> _Work to be completed_
Starting from the line that holds "WZÓR UZUPEŁNIAJĄCEGO CERTYFIKATU TYPU", output exactly each line through the end of the listing. Do not copy pictures.

===== Data extract =====

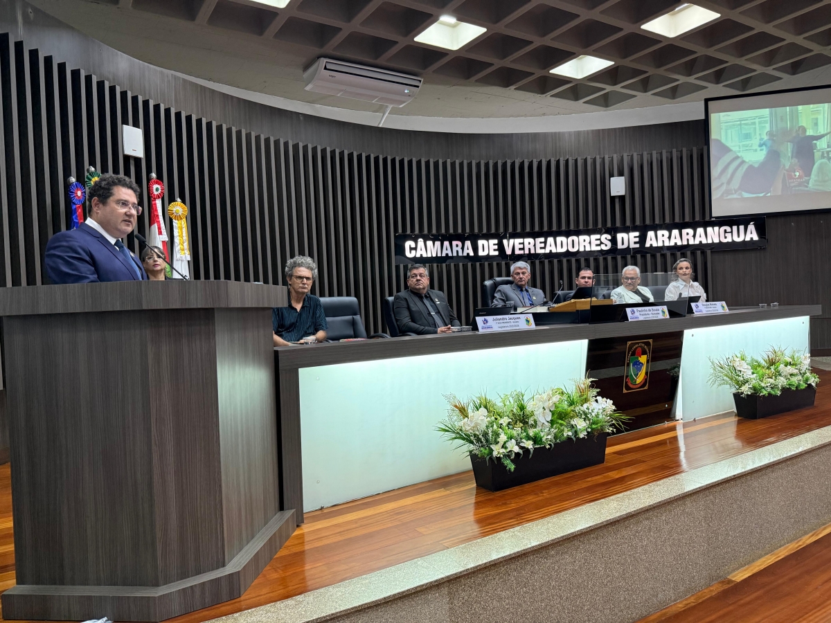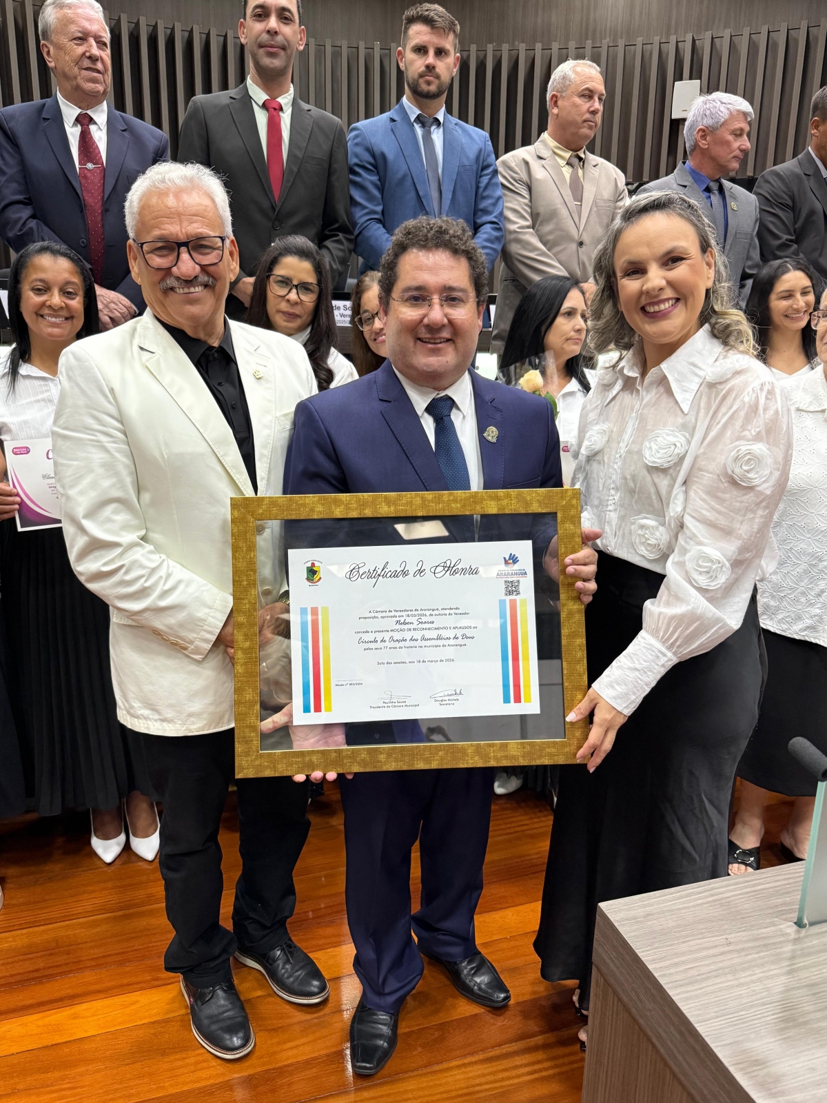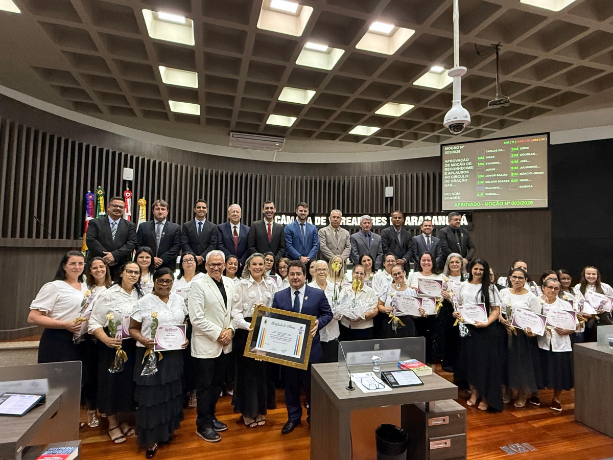 A Câmara de Vereadores de Araranguá realizou, na noite desta quarta-feira, 18, a 12ª sessão ordinária de 2026, ocasião em que foi entregue a Moção nº 003/2026, de autoria do vereador e líder de governo Nelson Soares, concedendo Moção de Reconhecimento e Aplausos ao Círculo de Oração das Assembleias de Deus pelos 77 anos de história no município.
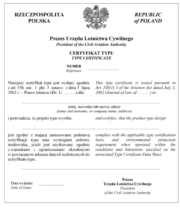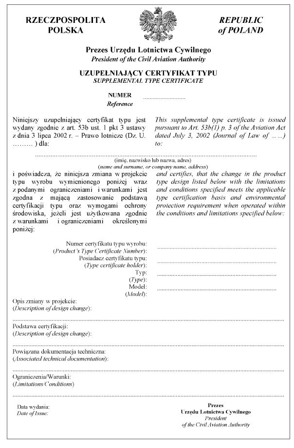 WZÓR UZUPEŁNIAJĄCEGO CERTYFIKATU TYPU
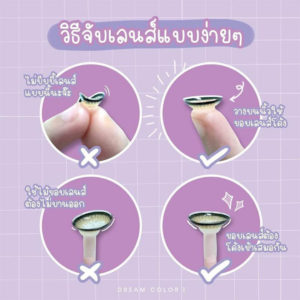 – ทำความสะอาดด้วยน้ำยาทำความสะอาดคอนแทคเลนส์ ก่อนใส่และหลังใส่ทุกครั้ง ควรศึกษาเพิ่มเติมในเอกสารกำกับเครื่องมือแพทย์
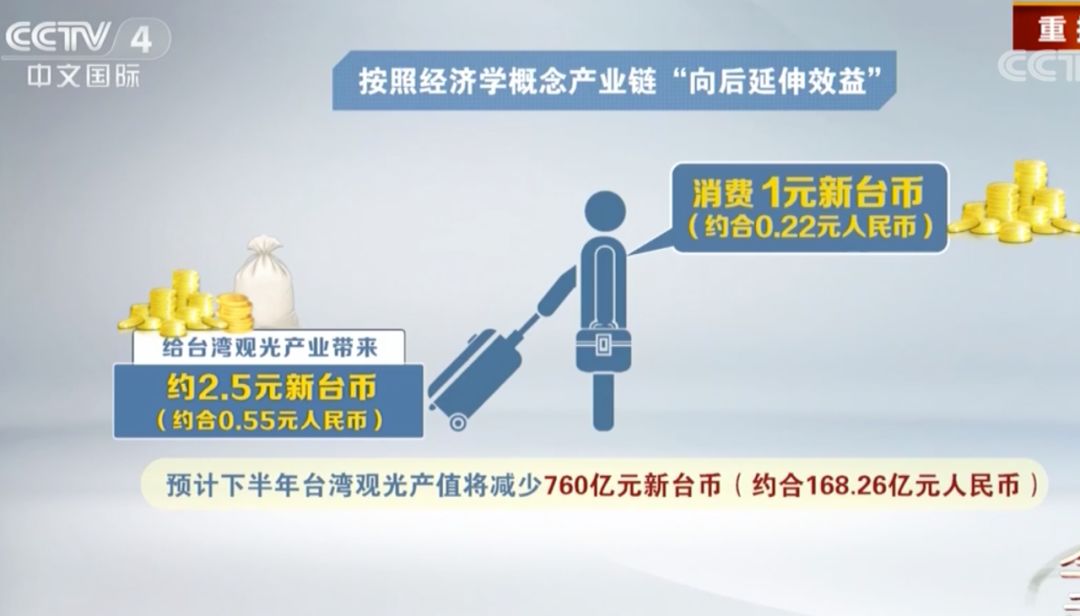 台湾“观光发展协会”副理事长柯牧州估算,近年来陆客来台每人每日平均消费约6200元新台币(约合1372.74元人民币)。若按照经济学概念产业链“向后延伸效益”,每位陆客在台湾消费1元新台币(约合0.22元人民币),就会给整个台湾观光产业带来约2.5元新台币(约合0.55元人民币)的效益。以此计算,预计下半年台湾观光产值将减少760亿元新台币(约合168.26亿元人民币)。

=====

> _Solution to the exercise_
 WZÓR UZUPEŁNIAJĄCEGO CERTYFIKATU TYPU
 – ทำความสะอาดด้วยน้ำยาทำความสะอาดคอนแทคเลนส์ ก่อนใส่และหลังใส่ทุกครั้ง ควรศึกษาเพิ่มเติมในเอกสารกำกับเครื่องมือแพทย์
 台湾“观光发展协会”副理事长柯牧州估算,近年来陆客来台每人每日平均消费约6200元新台币(约合1372.74元人民币)。若按照经济学概念产业链“向后延伸效益”,每位陆客在台湾消费1元新台币(约合0.22元人民币),就会给整个台湾观光产业带来约2.5元新台币(约合0.55元人民币)的效益。以此计算,预计下半年台湾观光产值将减少760亿元新台币(约合168.26亿元人民币)。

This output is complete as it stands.